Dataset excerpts
========================

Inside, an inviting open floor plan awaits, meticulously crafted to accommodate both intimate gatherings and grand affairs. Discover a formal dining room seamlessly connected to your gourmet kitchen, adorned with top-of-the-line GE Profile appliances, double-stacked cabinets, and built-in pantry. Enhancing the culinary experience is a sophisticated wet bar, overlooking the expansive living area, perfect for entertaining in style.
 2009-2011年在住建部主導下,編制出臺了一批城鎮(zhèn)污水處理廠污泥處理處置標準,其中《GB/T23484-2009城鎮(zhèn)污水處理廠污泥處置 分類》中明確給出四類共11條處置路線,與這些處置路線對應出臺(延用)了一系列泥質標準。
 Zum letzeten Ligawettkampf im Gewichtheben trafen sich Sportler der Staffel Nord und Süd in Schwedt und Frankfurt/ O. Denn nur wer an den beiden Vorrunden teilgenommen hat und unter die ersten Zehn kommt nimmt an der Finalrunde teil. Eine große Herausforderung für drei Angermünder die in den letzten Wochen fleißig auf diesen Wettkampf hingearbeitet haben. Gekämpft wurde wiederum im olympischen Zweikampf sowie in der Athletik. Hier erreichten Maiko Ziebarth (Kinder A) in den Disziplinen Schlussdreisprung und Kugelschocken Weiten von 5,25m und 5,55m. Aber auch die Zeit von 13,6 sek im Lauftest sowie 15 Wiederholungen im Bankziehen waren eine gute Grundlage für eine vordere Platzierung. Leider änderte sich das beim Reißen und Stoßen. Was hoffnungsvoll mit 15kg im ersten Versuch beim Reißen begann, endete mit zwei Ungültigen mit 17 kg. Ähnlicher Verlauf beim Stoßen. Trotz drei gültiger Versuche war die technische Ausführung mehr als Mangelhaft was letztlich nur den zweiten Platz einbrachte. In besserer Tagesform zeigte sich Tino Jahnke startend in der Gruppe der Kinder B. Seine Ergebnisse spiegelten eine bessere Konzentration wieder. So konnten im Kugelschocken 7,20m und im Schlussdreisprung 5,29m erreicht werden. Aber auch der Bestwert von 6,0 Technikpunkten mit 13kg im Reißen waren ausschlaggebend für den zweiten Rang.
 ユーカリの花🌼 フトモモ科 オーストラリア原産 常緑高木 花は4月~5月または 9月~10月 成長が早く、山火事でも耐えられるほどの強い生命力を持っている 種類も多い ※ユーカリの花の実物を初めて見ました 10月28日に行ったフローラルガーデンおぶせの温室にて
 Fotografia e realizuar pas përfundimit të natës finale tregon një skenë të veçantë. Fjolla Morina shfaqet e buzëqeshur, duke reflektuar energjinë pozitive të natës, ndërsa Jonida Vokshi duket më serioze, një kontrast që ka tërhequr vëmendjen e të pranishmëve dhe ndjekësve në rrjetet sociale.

========================

**WHAT THE TASK ASKS:**
Repeat word for word from the line holding "ユーカリの花🌼 フトモモ科 オーストラリア原産" down to the last line above, including both.

**ANSWER TO THIS PROBLEM:**
 ユーカリの花🌼 フトモモ科 オーストラリア原産 常緑高木 花は4月~5月または 9月~10月 成長が早く、山火事でも耐えられるほどの強い生命力を持っている 種類も多い ※ユーカリの花の実物を初めて見ました 10月28日に行ったフローラルガーデンおぶせの温室にて
 Fotografia e realizuar pas përfundimit të natës finale tregon një skenë të veçantë. Fjolla Morina shfaqet e buzëqeshur, duke reflektuar energjinë pozitive të natës, ndërsa Jonida Vokshi duket më serioze, një kontrast që ka tërhequr vëmendjen e të pranishmëve dhe ndjekësve në rrjetet sociale.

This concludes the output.